Without the money, the story would have been a big deal because around here we love football.
Hernandez was an All-American tight end for the Florida Gators and won a national championship catching passes from Tim Tebow, then went to a Super Bowl catching passes from Tom Brady.
But it was a much bigger deal because of the $40 million.
That’s how much money Hernandez stood to gain from the five-year contract he signed with the New England Patriots when he was 22 years old.
That was nearly a year before Odin Lloyd was found dead about a mile from Hernandez’ mansion, and Hernandez was arrested and charged with murder.
But it was also just six weeks after the shooting deaths of two men at a red light in Boston, for which Hernandez would later be indicted and charged with two more counts of first-degree murder.
So why was everybody in town talking about Aaron Hernandez on Wednesday?
Because he had it made.
He wasn’t some guy who bought a Powerball ticket, hit the jackpot, and then went bankrupt.
No, Hernandez was born to do something that a national and international television audience holds in high esteem — and something, in our current economic system, for which he deserved to earn $40 million and for which he had even greater earning potential in the future.
Then he threw it all away.
And, if truth be told, that kind of makes us feel good about ourselves.
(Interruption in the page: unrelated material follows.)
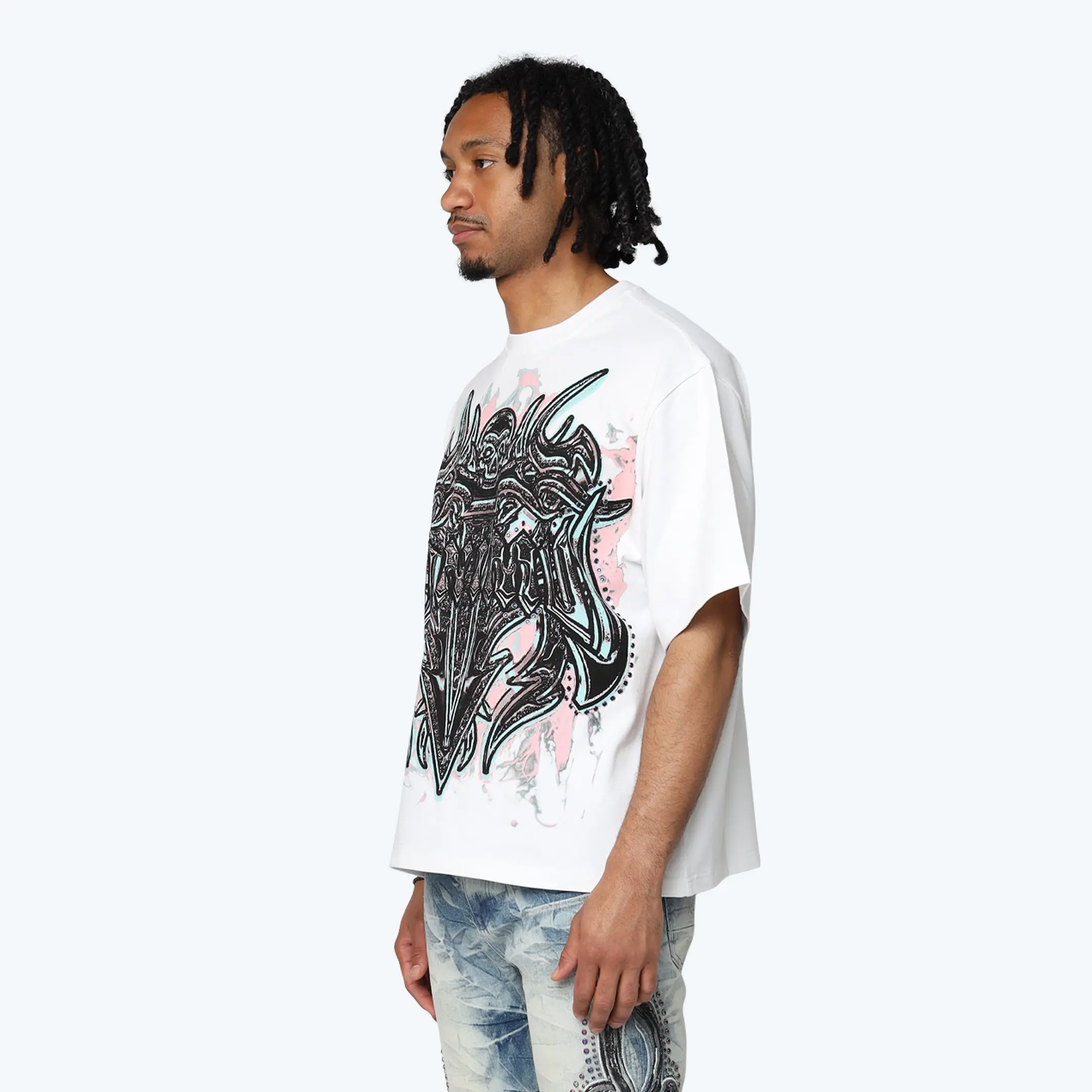 Wide Cropped Victory Flocking T-Shirt - Wood Ash

We’re better money managers than Aaron Hernandez. We’re better stewards of our own gifts and talents than Aaron Hernandez. Oh yeah, and we’re not living double lives as gangsters, and we haven’t killed anybody.
But it kind of makes us feel bad about our circumstances too. I think I’m one of the few people who could handle $40 million responsibly without letting it go to my head.
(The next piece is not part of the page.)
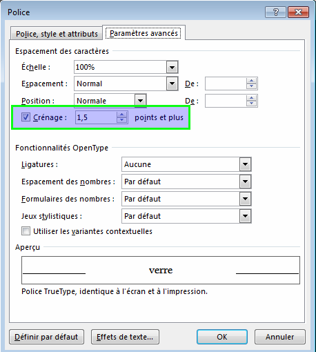 I must give full credits to BetterRed for showing me the solution for the letter-spacing. In my Word font - advanced settings (see two joint screenshots), there was indeed a kerning (crénage) value (see the green rectangle). It acted in a devious way: the appearance of the odt file was not modified. This kerning value was somewhat "buried" within the xml substrate of the odt file. It only appeared when I exported to EPUB, when the converter picked it up. For what it's worth, I also provide the other font settings. I use a customised font named LinLibertineG30. So, we have two items explained: letter-spacing (my mistake), image relative width (Word's weakness). Two are still in waiting mode: 1. the ubiquitous presence of the span "Policepardfaut" 2. how to force Word to apply the original odt styles for titles and notes? Last edited by roger64; 04-23-2017 at 01:29 PM. |
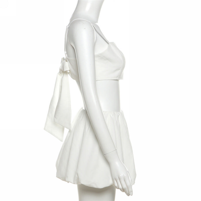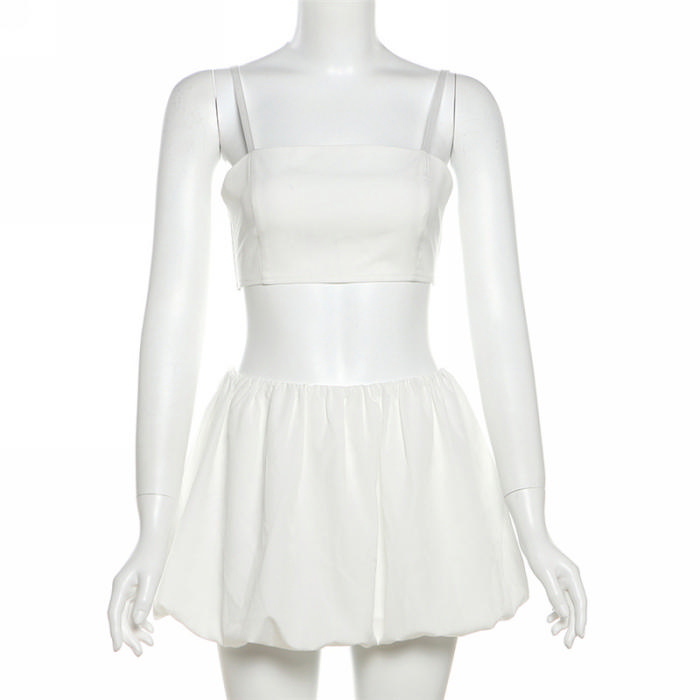 (Real Image)2024 Styles Women Strappy Tank Top and Puffy Mini Skirt Set with a Stylish TwistSKU: #CF83375-1

And everybody I know feels the same way — about their own ability to be filthy rich, not mine.
At least, we deserve the chance to try.
Man, life is unfair!
But we all know that money doesn’t buy happiness.
It makes me think of “Love in the Time of Cholera,” a novel by Gabriel Garcia Marquez, when a character named Uncle Leo XII is accused of being rich.
“No, not rich,” he says. “I am a poor man with money, which is not the same thing.”
Aaron Hernandez was not rich. He was a poor man with money.
Everybody talking about him on Wednesday, myself included, is richer than he ever was. It’s important to remember that, and to be thankful.